Siempre ocurre lo mismo. Generalmente dos o tres veces a la semana.

Subo a la azotea, cargo el rifle y apunto hacia la calle, buscando el desgraciado que ha intentado pasar por enésima vez la alambrada. Es suficiente echar un vistazo para saber que esa persona dejó de ser persona hace tiempo; y, entonces, lo único que se oye es un balazo seco, el tilín del casquillo 7,62 sobre el suelo y el sonido sordo de un cuerpo infecto cayendo hacia atrás. Con o sin crujido.

A veces hay ligeras variantes. En ocasiones alguien se limita a sacudir la valla o, tras haber trepado, a quedarse quieto en el sitio, mirando a su alrededor. O mirándome directamente a mi, lo cual es buena señal, pero no lo suficientemente buena. Durante esos escasos segundos que separan su incertidumbre de mi disparo tengo tiempo para valorar si el ser que ha superado el obstáculo puede ser un potencial usuario o no. Casi nunca lo es. Cada vez menos, a decir verdad.

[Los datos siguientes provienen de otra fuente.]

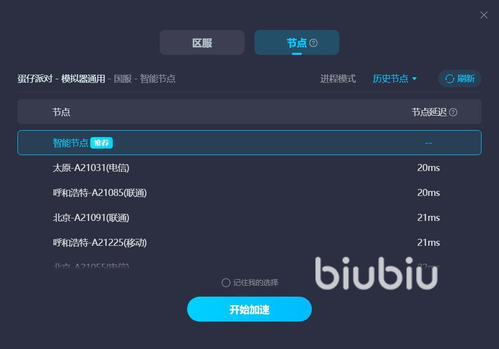 至于该怎么去选节点,biubiu加速器内提供了两个方案,一种是用户自己动手操作,从平台提供的多个节点中,自行选一个合适的去用;还有一种是由系统帮你推荐,无需你进行额外操作,更省事儿一些。

Dejad que os diga que mi experiencia personal al respecto está sesgada, sí, pero con fundamento. Llevo cinco años repeliendo hordas de supervivientes, mutantes y otras criaturas que se agolpan contra el perímetro exterior de lo que queda de la Biblioteca Municipal. Al principio intenté ser tolerante. Dejé entrar a los que parecían más sanos, o más cuerdos, o ambas cosas. Veía cómo subían tímidamente las escaleras y penetraban en el vestíbulo. Una vez dentro, la mayoría comenzaba una exploración temblorosa, con los ojos desgranados y el cuerpo encorvado de quien teme una emboscada. En salas otrora silenciosas se oían los pasos irregulares y los gruñidos inconexos de un hambre dotada de brazos y piernas.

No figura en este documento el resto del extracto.